Откуда он, черт побери, выуживает подобные заковыристые факты?

— Нет, не правда. Какие стихи? Он был военным, отставным. Обыкновенным наемным убийцей. В русскую поэзию стреляют без промаха — обронил кто-то великий: не то Белинский, не то Герцен, не то Добролюбов. Он из тира, вероятно, не вылезал.

— А мне по секрету сообщили, что он стихами баловался. Конечно, не сравнить с Лермонтовым. Набрехали, значит. Я тоже усомнился. Во-первых, наемный убийца, во-вторых…

Почему из страсти графомана Мартынова кто-то сделал секрет — до сих пор удивляюсь.

— Ох, Александр Константинович, история здесь ясная. И никаких — во-вторых.

— Да, история ясная, — повторил Воловенко. — Потопаем, брат, отсюдова. Скушно что-то. Полдень. Может, Цюрюпкин возник?

И мы, подсунув ключ под коврик, покинули гостеприимный дом, где так вкусно пахло жареным салом, одеколоном «Кармен» и где витал еще торжествующий образ женщины в цветастом сарафане и старомодных туфлях с перепонкой и пуговкой — божьей коровкой — на крепких загорелых ногах.

Дождь прекратился, но прикосновения воздуха были еще влажными, будто мокрые пальцы дотрагивались до щек и лба. Трава потемнела, набухла, и в ее зарослях выблескивала ртутно вода, которую не пропускал больше пресыщенный земляной покров. Солоноватый воздух разъедал гортань, как во время простуды, и терпкая свежесть не радовала, а наоборот, пронизывала до костей, не оставляя теплым на теле ни одного уголка. Ошметки еще вчера мощных туч, обгоняя друг друга поверху и понизу, спешили в пустынную глубину степи, за курганы, за жнивье, чтобы там, сгрудившись в беспорядке, вытряхнуть из себя короткую желтую, похожую на штык трехлинейки, молнию и пролиться последним в августе ледяным серебристым в отсветах ливнем.

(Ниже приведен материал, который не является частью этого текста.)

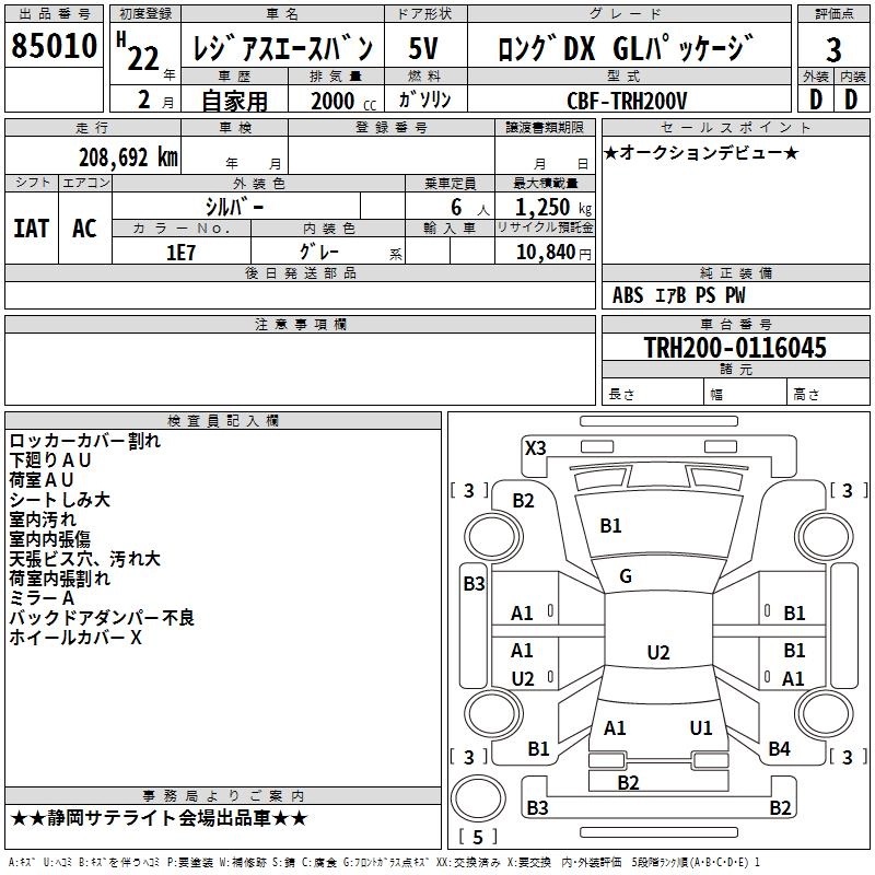 TOYOTA REGIUS VAN 2010 г., лот № 85010
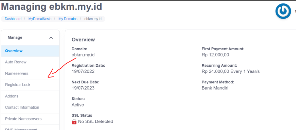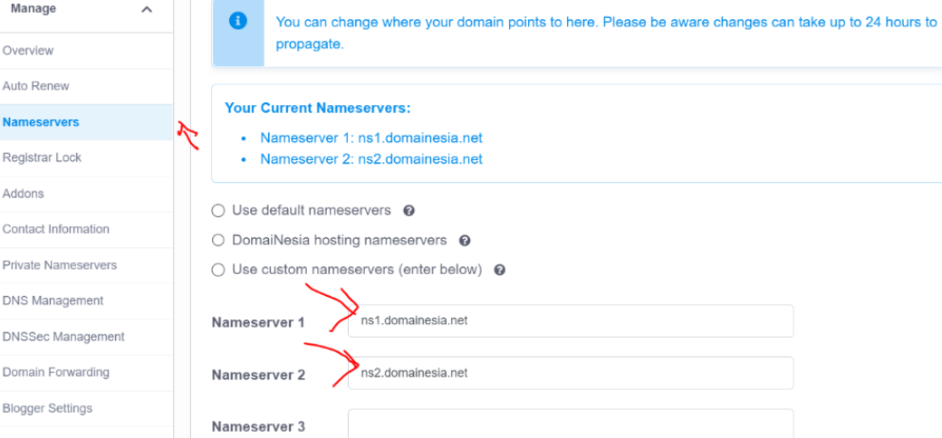 pilih domain yang sudah dibeli lalu arahkan ke Nameservers
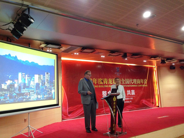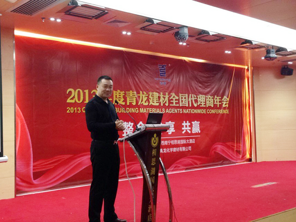 隨后外籍防水專家吉姆,青龍集團工程師羅兆學(xué)先生,外省營銷總監(jiān)王定中先生,網(wǎng)絡(luò)營銷經(jīng)理賀金龍先生分別上臺演講,與廣大代理商交流防水技術(shù),網(wǎng)絡(luò)營銷及2013年銷售,并展望充滿期待的2014年。

Мы пока существовали отъединенно от Степановки, от ее сиюминутных — хлебных — забот, и эта отъединенность лично у меня служила причиной дурного настроения. Мне мерещилось, что время утекает безвозвратно, что мы ничего не успеем, что нас считают лодырями.

На пути нам встретилась церковь со сбитым — снарядом, вероятно, — и валяющимся неподалеку, чудом уцелевшим куполом колокольни. В главный притвор забрасывали мешки с зерном. Церкви мне никогда не нравились, и я не скорбел, когда попадались разрушенные.

Воловенко задумчиво следил, как двое чернявых малорослых парней в тельняшках разгружают машину.

— Учили меня в школе, в техникуме, что бога нет, — глубокомысленно произнес он. — А это что? В городе, может, бога и нет. Городу бог не обязателен, селу — позарез. Одни стены стоят, а гляди — хлебушко сберегают, коли рухнут, куда Цюрюпкин семенной фонд спрячет? Божий дом и сгодился. И ничего тут обидного для господа нет, он зерну рад, он зерно приемлет.

Речь Воловенко напугала меня и раздразнила. Для меня бог, религия, попы, церковь — сплошная дикость и, более того, контрреволюция.

«Почему им разрешают функционировать? — поражалась мама. — Мало они людей сгубили?»

После войны на нашей улице Энгельса отремонтировали уютную скромную церковь. Однажды я забрел туда во время праздника, на пасху, что ли, — ничего не понял из песнопений и дьяконовского речитатива.

Протолкался назад, к дверям. Вышел взопревший, взбешенный. Общеизвестно, что попы — отъявленная контра. Дядя мой громил Колчака — так офицерские батальоны в психическую атаку шли, псалмы распевая.

Спустя несколько лет — в году сорок девятом — церковь на Энгельса превратили в спортивный клуб для тяжелоатлетов. С утра до вечера из растворенного окна долетал звенящий грохот роняемых на пол штанг. Любопытно, приемлет бог тяжелую атлетику или нет? Хранит ли ее?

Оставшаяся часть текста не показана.